Sahara: Mission impossible for Horst Kohler?

Horst Kohler, the new Personal Envoy of the UN Secretary-General for the Sahara, is about to begin his mediation with a forthcoming visit to the Maghreb. Yet, questions remain as to his ability to convince the Polisario and Algeria to engage in a new dynamic, in a new spirit of realism as recommended by the Security Council.

Secretary-General Antonio Guterres himself stressed “the importance of this visit to help re-launch the political process in a new spirit and a new dynamic, in accordance with Security Council resolution 2351 (2017)”, according to the UN spokesman.

If Antonio Guterres insisted on “a new spirit” and “a new dynamic”, it is precisely to avoid the tensions of the past, which led the political process to a dead-end. The political process was launched in 2007 after Morocco presented the autonomy plan for the Sahara.

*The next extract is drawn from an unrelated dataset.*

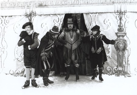Description 8x10" black and white photograph of King James ice skating in royal enclosure

The autonomy proposal is considered by the Security Council and the major world capitals as a “serious” and “credible” basis for a settlement of the Sahara issue, at a time Algeria and the Polisario are clinging to the referendum option, deemed long time ago as unfeasible.

Actually, the new UN emissary should not expect concessions on the part of Algeria. Despite the deep economic and financial crisis facing the North African country since the fall of oil prices, Algerian leaders are not yet in a logic of new dynamics or compromise.

It is true that some Algerian politicians dare, from time to time, to criticize the huge financial aid granted by Algeria to the Polisario. One of these critics was Amar Saadani, the leader of the FLN who was pushed to resign in October 2016, precisely because of his position on the Sahara issue.

But the military wing of the regime is keeping a close eye on things, and the military brass do not tolerate any internal dissent on the Sahara issue, deeming it is the only way to maintain pressure on their long-time Moroccan rival.